# GEF Kanäle



## Guest (28. Jan 2008)

hallo an alle,

ich bin gef anfänger und möchte gerne ein kanal/rohr modellieren, dass flüssigkeit von einem device zum andern transportieren soll...die devices sind im moment einfach quadrate und die kanäle PolylineConnections und vom prinzip funktionierts auch, jetzt sitze ich seit ein paar tagen an nem problem zu dem mir verschiedene ansätze eingefallen sind, jedoch keiner funktioniert. ich möchte nämlich, wie bei kanälen üblich, die connections nicht als einfach polyline zeichnen.
meine ansätze waren:
1. im editpart des kanals zusätzlich eine polyline zeichnen, die sich in refreshvisuals immer wieder auf die polyline legt.
jedoch funktioniert die translation irgendwie nich, ausserdem hätte ich dann probleme beim drag&drop der connection bendpoints.
2. eine kanalklasse von polyline erben lassen und eine seele(einfache polyline) als attribut hinzufügen. jedoch hab ich keine ahnung wie ich dem updatemanager klar machen kann, dass er die mit zeichnen soll.
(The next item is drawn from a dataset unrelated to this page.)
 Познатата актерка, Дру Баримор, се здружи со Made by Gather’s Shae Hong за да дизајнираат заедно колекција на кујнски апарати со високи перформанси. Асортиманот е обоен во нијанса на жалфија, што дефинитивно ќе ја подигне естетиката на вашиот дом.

...das waren auch schon meine ideen, wie gesagt ich bin anfänger, vielleicht kann mir jmd von euch einen ansatz geben.

danke im voraus

daniel


----------



## Wildcard (28. Jan 2008)

Anonymous hat gesagt.:
			
		

> die connections nicht als einfach polyline zeichnen.


Sondern?


----------



## paradox (28. Jan 2008)

ja...das ist die frage, entweder man zeichnet 2 polylines mit nem gewissen abstand, oder ein rectangle mit white als backgroundcolour, oder man erbt von polylineconnection und verändert irgendwie die zugrunde liegende figure.
ich dacht das hätte ich in meinen ansätzen beschrieben...ich weiß halt nich was am besten geeignet ist und ob man überhaupt so nen aufwand betreiben muss.
also prinzipiell will ich einfach nur nen kanal erstellen der per router definiert wird. wie man das am besten hinbekommt
weiß ich nich und die versuche, die ich angestrengt hab sind kläglich gescheitert.
ich möchte halt nur gern an dem router mechanismus von gef festhalten, deswegen ja der umweg über connections, sonst könnte ich wirklich einfach rectangles zeichnen.

daniel


----------



## Wildcard (28. Jan 2008)

Überschreib doch die paintFigure der Connection-Figure und zeichne dort was du sehen möchtest


----------



## paradox (24. Feb 2008)

hi,
ich habe in der paintFigure() jetzt ein kleineres Rectangle gezeichnet in weiß, so bekomm ich dann meinen kanal...danke

mit dem aufbau des szenarios klappt jetzt alles super, jetzt möchte ich aber gerne eine simulation starten und in dieser soll flüssigkeit durch den kanal laufen. die flüssigkeit wollte ich jetzt ebenfalls in paintFigure() zusätzlich in den Kanal zeichnen, dazu setze ich über einen EditPart alle 200ms einen prozentwert für den füllstand des kanals, den ich dann neu zeichnen möchte, jedoch bekomm ich nich raus wie ich das erreichen kann.. ich habe verschieden kombination von repaint() über invalidate() und getUpdateManager().performUpdate() ausprobiert.
die paintFigure() methode wird aber nicht zu den gewünschten zeitpunkten (alle 200 ms) aufgerufen.

was mache ich falsch oder wie sollte ich es besser machen?
danke.

daniel


----------



## paradox (25. Feb 2008)

on top ^^


----------